[<prev] [next>] [<thread-prev] [thread-next>] [day] [month] [year] [list]
Message-ID: <alpine.LNX.2.00.1702180934190.13115@nippy.intranet>
Date: Sat, 18 Feb 2017 09:38:12 +1100 (AEDT)
From: Finn Thain <fthain@...egraphics.com.au>
To: Ondrej Zary <linux@...nbow-software.org>
cc: "James E.J. Bottomley" <jejb@...ux.vnet.ibm.com>,
"Martin K. Petersen" <martin.petersen@...cle.com>,
Michael Schmitz <schmitzmic@...il.com>,
linux-scsi@...r.kernel.org, linux-kernel@...r.kernel.org
Subject: Re: g_NCR5380 PDMA, was Re: [PATCH 0/6] ncr5380: Miscellaneous minor
patches
On Thu, 16 Feb 2017, Ondrej Zary wrote:
> On Tuesday 31 January 2017 02:31:45 Finn Thain wrote:
> [...]
> > Are you trying to figure out which commands are going to disconnect
> > during a transfer? This is really a function of the firmware in the
> > target; there are no good heuristics AFAICT, so the PDMA algorithm has
> > to be robust. mac_scsi has to cope with this too.
> >
> > Does the problem go away when you assign no IRQ? When instance->irq ==
> > NO_IRQ, the core driver will inhibit disconnect privileges.
>
> Yes, it seems to run fine with IRQ/disconnect disabled. With IRQ
> enabled, "dd if=/dev/sr0 of=anything" stops after a while.

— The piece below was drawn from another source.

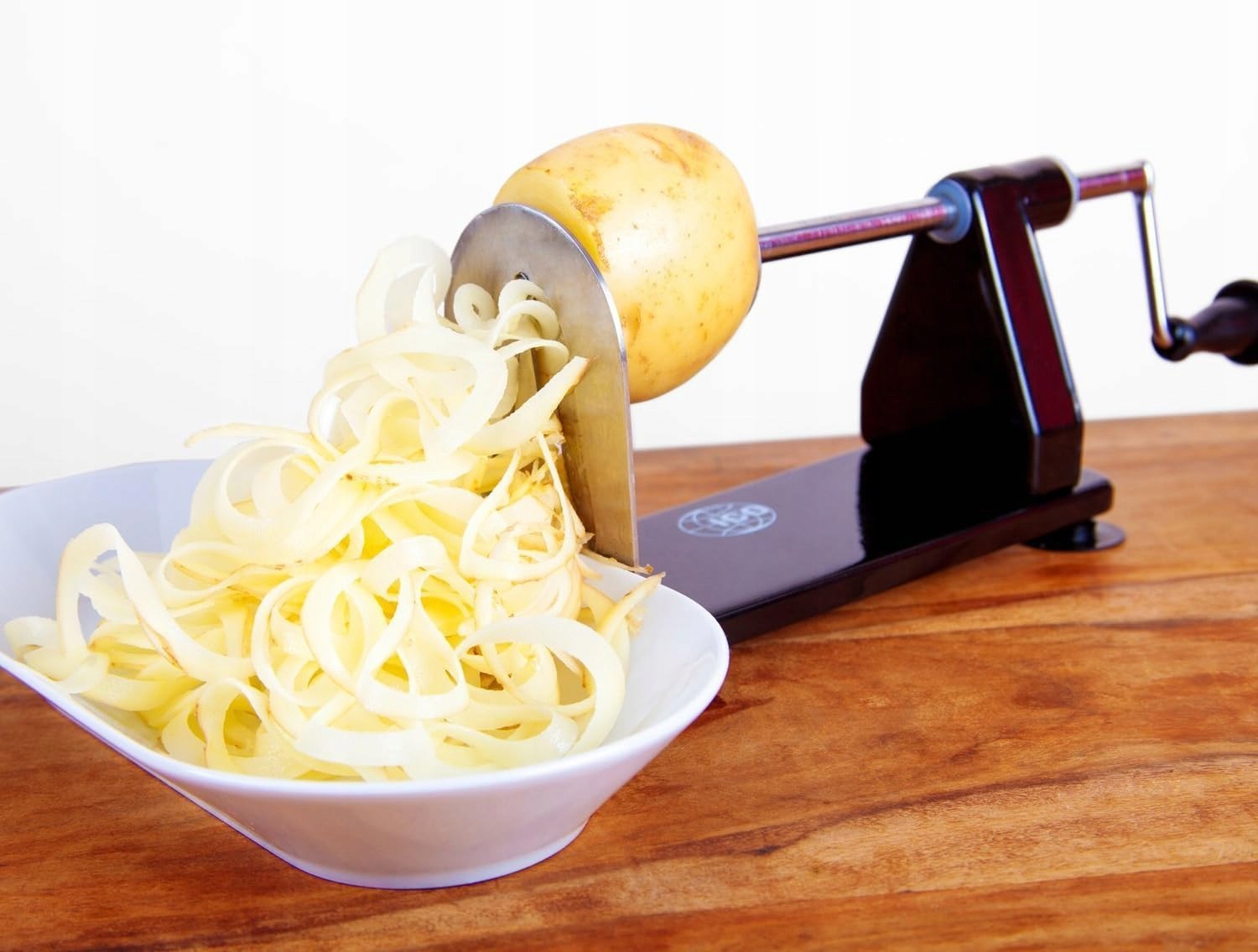 - компактний і простий у використанні: спіралізатор завдовжки 25 см і висотою 12 см і важить лише 0,8 кг. Просто виберіть потрібне лезо (3 мм, 4 мм або 8 мм) і легко кріплення та блокування, прикріпіть потрібний овоч на ручку, скрутіть ручку і щоразу отримуйте красиві спіралі. Усі частини можна промивати в посудомийній машині, що забезпечує швидке та легке очищення.

When you say "stops", do you mean an infinite loop in
generic_NCR5380_pread or does the loop complete (which would presumably
leave the target stuck in DATA IN phase, and a scsi command timeout would
probably follow after 30 seconds...)
> I get gated 53C80 IRQ, BASR=0x10, MODE=0x0e, STATUS=0x7c.
>
You can use NCR5380_print() to get a decoded register dump.
When I decode the above values I get,
BASR = 0x10 = BASR_IRQ
MODE = 0x0e = MR_ENABLE_EOP_INTR | MR_MONITOR_BSY | MR_DMA_MODE
STATUS = 0x7c = SR_BSY | SR_REQ | SR_MSG | SR_CD | SR_IO
Since BASR_PHASE_MATCH is not set, the interrupt is almost certainly a
phase mismatch. The new phase is SR_MSG | SR_CD | SR_IO = PHASE_MSGIN,
which shows that the target has given up on the DATA IN phase and is
presumably trying to send a DISCONNECT message.
> When I enable interrupts during PDMA (like the removed UNSAFE macro
> did), the problems go away. I see an IRQ after each pread call.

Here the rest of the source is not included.